Money markets had been predicting a rise in December this year or for the following month, but now imply the first increase will come in August 2019. They are even pricing in a 50/50 chance of a cut.
This shift comes after the recent stockmarket turbulence, falling oil prices, weaker UK economic growth and dovish comments from the Bank of England’s (BoE) February inflation report.
Investors now do not expect any of the G7 central banks to raise their interest rates this year, and anticipate there could be six cuts across the region. Although the US Federal Reserve had finally raised rates in December, it warned that the recent market volatility means US rates will stay lower for longer.
This is not the best news for retired expatriates. For many, their savings are their main form of retirement income and the extremely low interest rate of the past six or so years has done little to boost them. Banks and building societies have rushed to slash savings rates in recent weeks, and the latest figures from the BoE show that the average rates on fixed rate bonds and ISAs are at record lows.
Why is the interest rate staying so low?
Speaking in January, BoE governor Mark Carney said that with slowing UK growth and the weakened world economy, the Bank’s Monetary Policy Committee was in no rush to raise rates. A rise would “depend on economic prospects, not the calendar”, and unforeseen disturbances mean that the path for rates “cannot be ordained”.
This was reaffirmed when the Bank released its quarterly Inflation Report in February. Mr Carney said that global growth has slowed again in recent months, with the US growing less than expected; wage growth has been weaker than expected, and the falling commodity prices mean there is a risk of greater persistence of low inflation.
The UK economy is expected to grow by 2.2% this year and 2.4% next year, compared to November’s projections of 2.5% and 2.7% respectively.
However, Mr Carney also said that rates were “more likely than not” to go up over the next two years. A statement which analysts at the Economist Intelligence Unit say is at odds with the Inflation Report’s downbeat analysis.

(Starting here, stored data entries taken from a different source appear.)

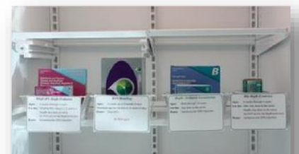
Reprinted from the CDC's Vaccine storage and Handling Toolkit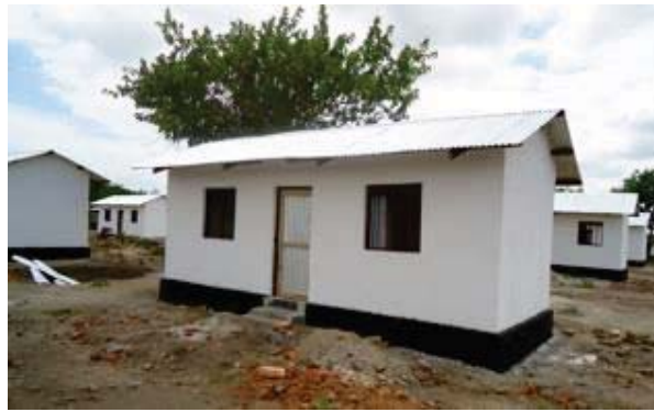
New waterproof house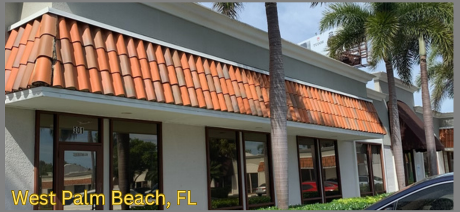
West Palm Beach, FL

Our West Palm Beach office provides outpatient services with a holistic, wellness-focused approach, supporting individuals on their path to lasting recovery.

One thing savers have had to learn the hard way over recent years is that interest rate expectations keep changing, and that too often a rise just seems to move further away.

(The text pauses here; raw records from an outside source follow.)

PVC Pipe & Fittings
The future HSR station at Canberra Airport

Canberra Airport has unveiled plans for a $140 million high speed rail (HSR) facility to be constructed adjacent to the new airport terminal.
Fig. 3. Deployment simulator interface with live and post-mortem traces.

Why bank accounts may not be best
How much of your savings do you keep in a bank account? If you have the long-term goal of maintaining your standard of living through retirement, then you need to maintain your buying power over the period – and it may be longer than you expect. You need to aim to earn real returns after inflation and taxation. That is very hard to do with interest and tax rates today.

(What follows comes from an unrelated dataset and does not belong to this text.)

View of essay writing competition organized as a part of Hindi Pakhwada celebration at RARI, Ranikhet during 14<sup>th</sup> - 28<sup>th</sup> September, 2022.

Inflation has been low for a while now, which is good for your spending power. Low oil prices are likely to keep it suppressed for a while, but you need to look ahead to protect your savings from inflation, and we cannot predict now what inflation will be like in five, 10 or 15 years’ time.
Over the past 65 years, we have more commonly seen interest rates of about 3%. This rate would halve the value of your capital within 24 years. If your savings have only half the spending power in your later years of retirement, this could have significant implications for your standard of living or the wealth you wish to pass on to the next generations. Many people are therefore taking a risk by leaving their money in the bank, even though they think of it as a safe place.
While the media is full of doom and gloom at the moment, many believe the predictions of another financial crisis are exaggerated. For example, in a recent report, the economic think tank, the Centre for Economics and Business Research (CEBR), insists “there are still strong fundamental reasons to be positive about the global economy”.
The CEBR predicts it will grow 2.6% this year, the same as last year, adding that fears China is on the brink of collapse are unfounded, and that the recent slowdown in the US economy is just a “blip”. So now may be a good time to take action to protect your savings for future years with a considered and strategic investment plan.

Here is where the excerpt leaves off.